8 years ago
Support from national green services provider Glendale has enabled a humanitarian response charity to deploy a team of arborists to Vanuatu after the South Pacific island was left devastated by Cyclone Pam.
Skilled arboriculture specialists from DART (Disaster Arboriculture Response Team) International UK will spend three weeks in Vanuatu clearing fallen timber which is preventing vital aid, including food and shelter supplies, from reaching some of the worst-affected areas.
The United Nations reports that thousands of fallen trees are blocking roads, downing power lines and causing flooding after Cyclone Pam tore through the island at the weekend, killing 11 people and leaving at least 3,300 others homeless.
Glendale and Stein Products Limited have funded the cost of the trip and supplied equipment, such as chainsaws and ropes, to allow the charity to carry out its work. Glendale has provided ongoing support to the charity, including donations, sponsorship, IT and marketing support.
Glendale arborist Gary Bailey helped to set up DART International UK, which works to help make trees safe in disaster zones across the world, after witnessing first-hand the aftermath of typhoon Haiyan in the Philippines in 2013. He is travelling to Vanuatu alongside his DART colleague, Andy Macpherson.

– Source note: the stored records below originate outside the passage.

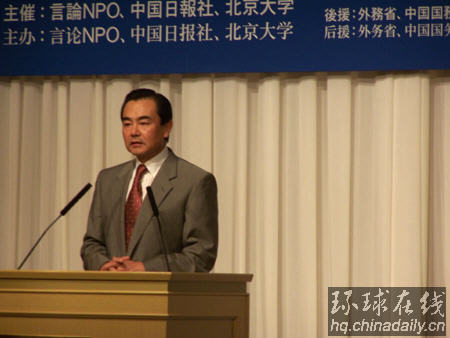 環(huán)球在線消息:中國駐日大使王毅在剛剛開幕的“北京·東京”論壇第二屆會議上闡述了中國政府的對日政策,強調改善中日關系已成為當前兩國人民的共同呼聲。他說,為推動兩國關系盡快走出目前的僵局,建議從四個方面做出努力。
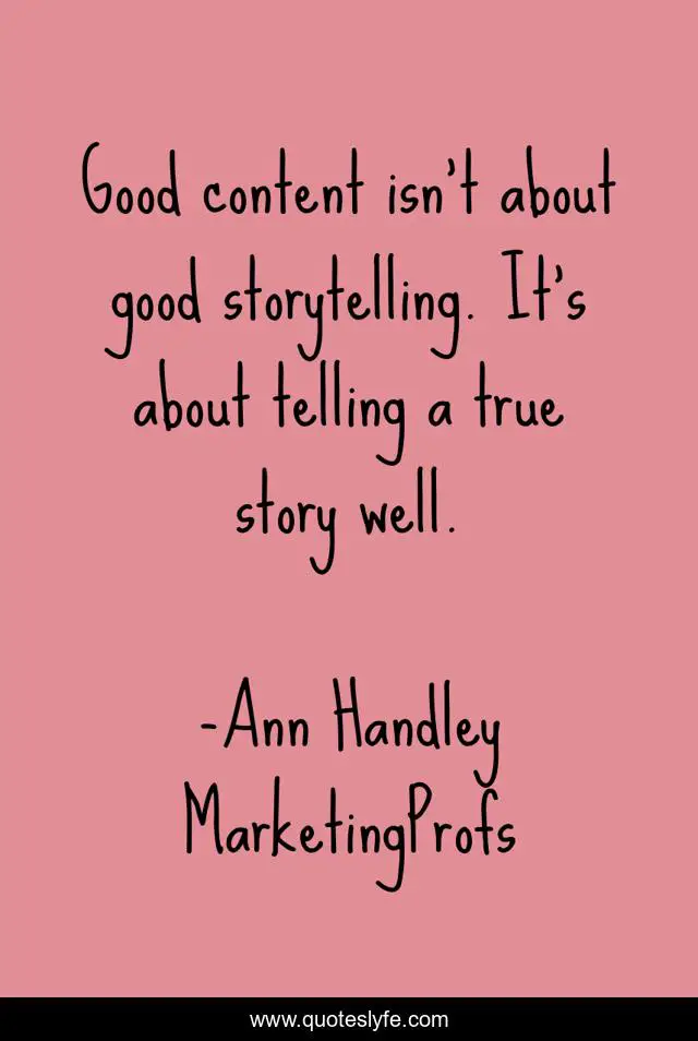 "Ann Handley MarketingProfs Quotes." Quoteslyfe.com, 2025. Fri. 05 Dec. 2025. <https://www.quoteslyfe.com/quote/Good-content-isn-t-about-good-storytelling-237534>.
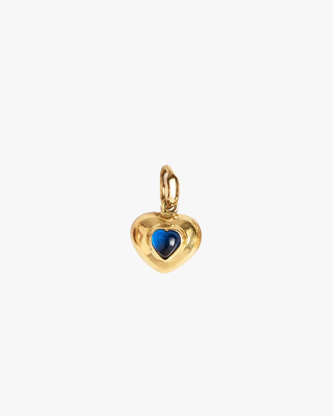 Soft and ethereal blue. The Celestina charm shines through its colored glass globe, delicately set in 18kt yellow gold. A light, playful touch to brighten your everyday chains.
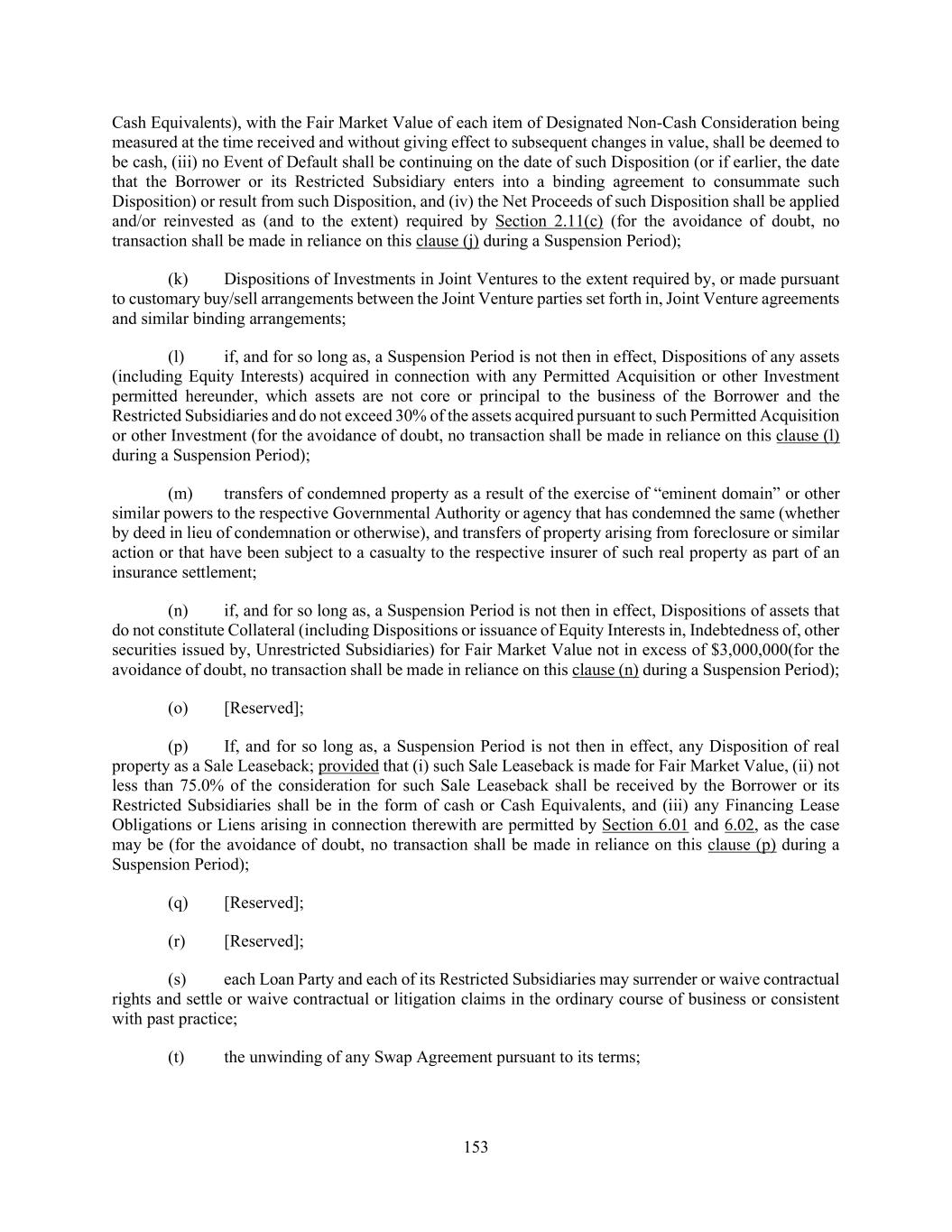 153 Cash Equivalents), with the Fair Market Value of each item of Designated Non-Cash Consideration being measured at the time received and without giving effect to subsequent changes in value, shall be deemed to be cash, (iii) no Event of Default shall be continuing on the date of such Disposition (or if earlier, the date that the Borrower or its Restricted Subsidiary enters into a binding agreement to consummate such Disposition) or result from such Disposition, and (iv) the Net Proceeds of such Disposition shall be applied and/or reinvested as (and to the extent) required by Section 2.11(c) (for the avoidance of doubt, no transaction shall be made in reliance on this clause (j) during a Suspension Period); (k) Dispositions of Investments in Joint Ventures to the extent required by, or made pursuant to customary buy/sell arrangements between the Joint Venture parties set forth in, Joint Venture agreements and similar binding arrangements; (l) if, and for so long as, a Suspension Period is not then in effect, Dispositions of any assets (including Equity Interests) acquired in connection with any Permitted Acquisition or other Investment permitted hereunder, which assets are not core or principal to the business of the Borrower and the Restricted Subsidiaries and do not exceed 30% of the assets acquired pursuant to such Permitted Acquisition or other Investment (for the avoidance of doubt, no transaction shall be made in reliance on this clause (l) during a Suspension Period); (m) transfers of condemned property as a result of the exercise of “eminent domain” or other similar powers to the respective Governmental Authority or agency that has condemned the same (whether by deed in lieu of condemnation or otherwise), and transfers of property arising from foreclosure or similar action or that have been subject to a casualty to the respective insurer of such real property as part of an insurance settlement; (n) if, and for so long as, a Suspension Period is not then in effect, Dispositions of assets that do not constitute Collateral (including Dispositions or issuance of Equity Interests in, Indebtedness of, other securities issued by, Unrestricted Subsidiaries) for Fair Market Value not in excess of $3,000,000(for the avoidance of doubt, no transaction shall be made in reliance on this clause (n) during a Suspension Period); (o) [Reserved]; (p) If, and for so long as, a Suspension Period is not then in effect, any Disposition of real property as a Sale Leaseback; provided that (i) such Sale Leaseback is made for Fair Market Value, (ii) not less than 75.0% of the consideration for such Sale Leaseback shall be received by the Borrower or its Restricted Subsidiaries shall be in the form of cash or Cash Equivalents, and (iii) any Financing Lease Obligations or Liens arising in connection therewith are permitted by Section 6.01 and 6.02, as the case may be (for the avoidance of doubt, no transaction shall be made in reliance on this clause (p) during a Suspension Period); (q) [Reserved]; (r) [Reserved]; (s) each Loan Party and each of its Restricted Subsidiaries may surrender or waive contractual rights and settle or waive contractual or litigation claims in the ordinary course of business or consistent with past practice; (t) the unwinding of any Swap Agreement pursuant to its terms;

Mike Metcalfe, operations manager for DART International UK, said: “Cyclone Pam is one of the worst storms to hit the South Pacific and the situation out there is incredibly serious. Aid agencies have said the conditions are among the most challenging they have ever faced, but our work should enable them to get much-needed supplies to the affected areas, and in particular the more remote areas outside of the capital.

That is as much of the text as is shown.